DATA BELOW ->
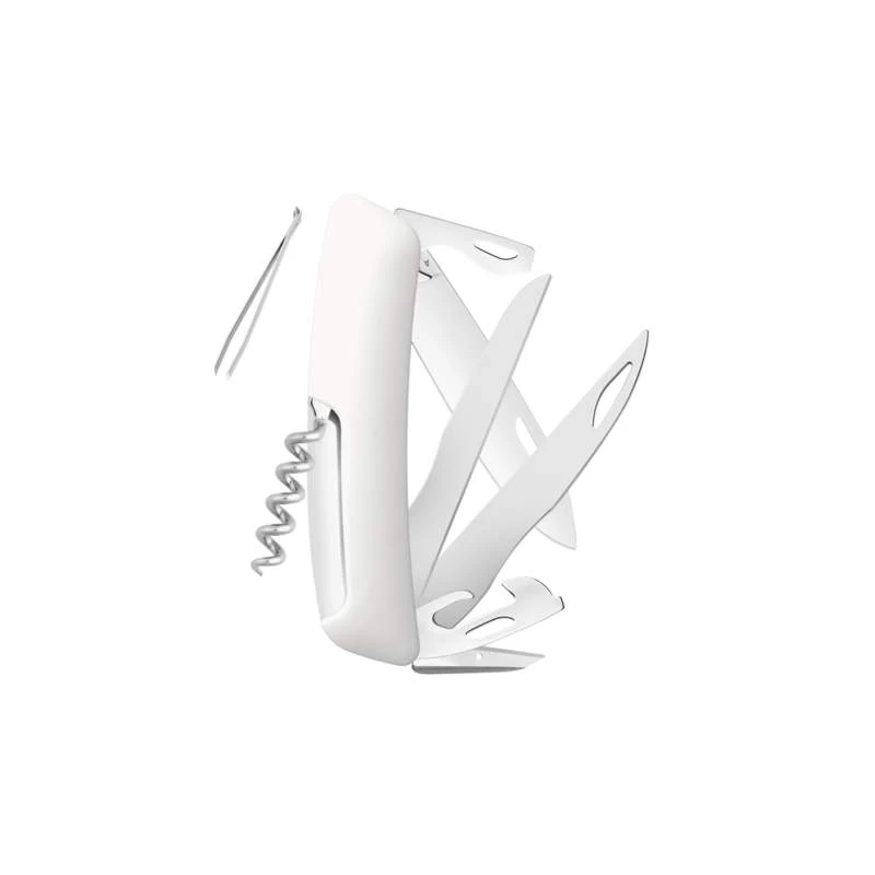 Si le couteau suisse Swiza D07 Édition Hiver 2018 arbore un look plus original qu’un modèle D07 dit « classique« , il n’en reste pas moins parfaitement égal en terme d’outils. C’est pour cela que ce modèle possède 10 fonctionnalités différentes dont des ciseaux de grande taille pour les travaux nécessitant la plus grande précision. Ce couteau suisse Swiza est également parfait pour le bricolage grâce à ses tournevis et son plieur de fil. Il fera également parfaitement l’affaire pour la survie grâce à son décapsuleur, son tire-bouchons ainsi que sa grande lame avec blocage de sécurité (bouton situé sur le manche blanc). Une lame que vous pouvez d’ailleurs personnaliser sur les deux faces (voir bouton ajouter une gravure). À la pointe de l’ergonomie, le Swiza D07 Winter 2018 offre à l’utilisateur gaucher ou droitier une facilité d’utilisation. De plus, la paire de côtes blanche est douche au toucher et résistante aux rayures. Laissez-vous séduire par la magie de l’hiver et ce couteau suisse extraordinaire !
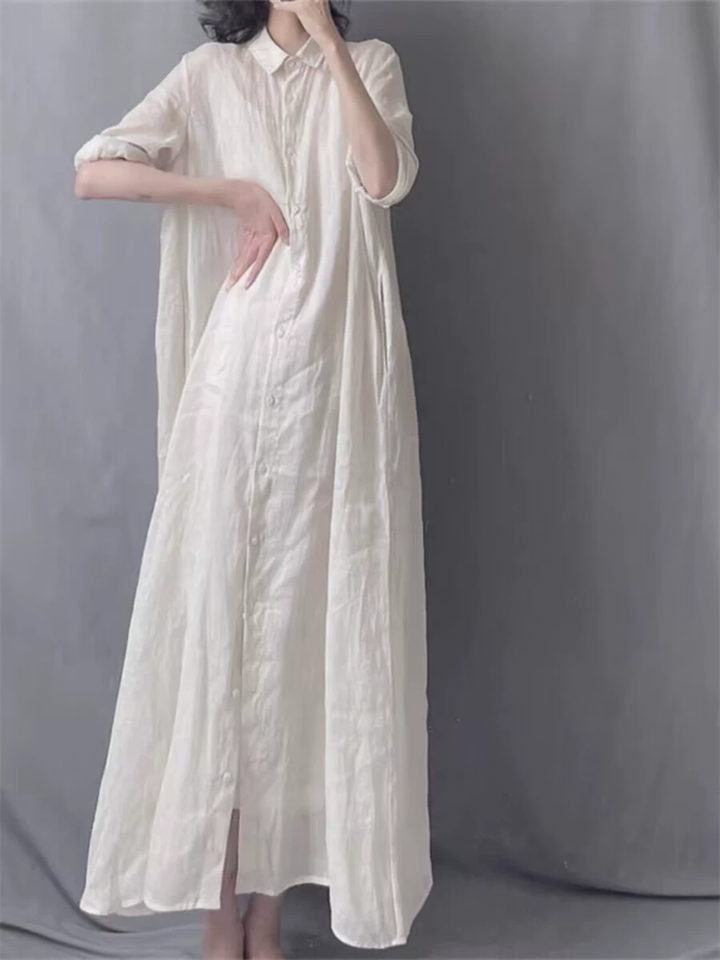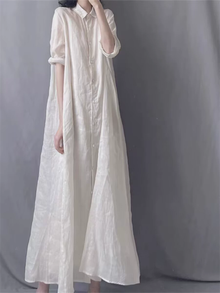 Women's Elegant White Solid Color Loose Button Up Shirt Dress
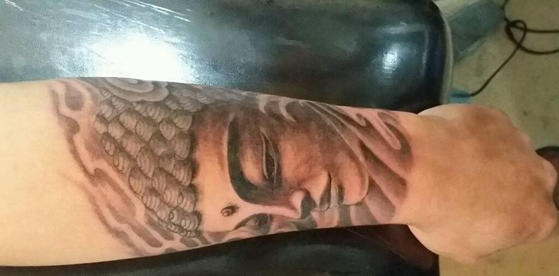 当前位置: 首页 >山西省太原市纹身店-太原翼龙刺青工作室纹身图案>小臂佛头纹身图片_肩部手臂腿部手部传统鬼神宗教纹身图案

TASK PROMPT -> In the copy, include no pictures; everything else in the material should be written out exactly.

RESPONSE TO THE EXERCISE ->
 Si le couteau suisse Swiza D07 Édition Hiver 2018 arbore un look plus original qu’un modèle D07 dit « classique« , il n’en reste pas moins parfaitement égal en terme d’outils. C’est pour cela que ce modèle possède 10 fonctionnalités différentes dont des ciseaux de grande taille pour les travaux nécessitant la plus grande précision. Ce couteau suisse Swiza est également parfait pour le bricolage grâce à ses tournevis et son plieur de fil. Il fera également parfaitement l’affaire pour la survie grâce à son décapsuleur, son tire-bouchons ainsi que sa grande lame avec blocage de sécurité (bouton situé sur le manche blanc). Une lame que vous pouvez d’ailleurs personnaliser sur les deux faces (voir bouton ajouter une gravure). À la pointe de l’ergonomie, le Swiza D07 Winter 2018 offre à l’utilisateur gaucher ou droitier une facilité d’utilisation. De plus, la paire de côtes blanche est douche au toucher et résistante aux rayures. Laissez-vous séduire par la magie de l’hiver et ce couteau suisse extraordinaire !
 Women's Elegant White Solid Color Loose Button Up Shirt Dress
 当前位置: 首页 >山西省太原市纹身店-太原翼龙刺青工作室纹身图案>小臂佛头纹身图片_肩部手臂腿部手部传统鬼神宗教纹身图案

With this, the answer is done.